For many years now, I have felt that my mission in consulting with schools and families on creativity and learning is to kick down the boxes. But not when people are in them, of course. Step one is to meet them where they are, and then to dig deeper, looking behind the mask to find out who is really inside. I want to understand people in their organic, natural state. What are their creative strengths, ambitions, and interests? What lights them up? Sometimes it even takes going back further to early childhood, before the box was encountered, to understand the true nature of a person.
Next, I help people realize that they don’t have to wear the box. If they want to wear it, they don’t have to keep it on at all times. After all, it is really like a costume, usually an overlaid construct to make certain characteristics recognizable to others. We know that in the above photo, there’s a snowman. The decoration of his costume makes it easy for us to categorize him with other snowmen. Sometimes that is necessary. For example, if a heatwave is coming, we’d want to make sure to gather all of the snowmen first and herd them safely inside a commercial freezer. It would be helpful for us to have a way to quickly recognize all of the snowmen to complete this job expediently, for their own good. However, there is a flip-side. When someone puts on a box it may be useful to meet one aspect of their needs. But more often than not, as time goes on, we only see the box and forget there is a person inside.

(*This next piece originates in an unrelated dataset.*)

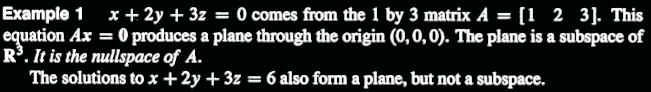 其实这个nullspace还是挺别致的,起码他包含0,而之前Ax=b就不一定包含0。所以可以看出,nullspace是个subspace,原因是如果x,y向量Nullspace里面的两个向量,那么$A(x+y)=0$,并且$A(cx)=0$成立,所以nullspace是个子空间 $Ax=b$并不一定是。

In education terms, let’s consider reading abilities. Children who need reading help might be categorized as slow readers. This might be necessary so that they may receive extra time or perhaps a different approach to reading. But we need to provide the opportunity for them to not always wear the “slow reading” box. Sometimes students with reading delays have exceptional visual-spacial skills; what might be all of the ways, as teachers and adults, that we can discover these strengths and make students aware of them? For children, one way to do this is by providing opportunities to originate, experiment, and create. Reading is a prime example, because a child’s school experience often hinges on this single measure. If cast as the “slow learner” character early on, this box can affect the child’s entire educational trajectory, and even the rest of their life in terms of self-concept and longterm success. In other words, the box stays on, and exceptional talents and creativity in other domains are not uncovered nor valued.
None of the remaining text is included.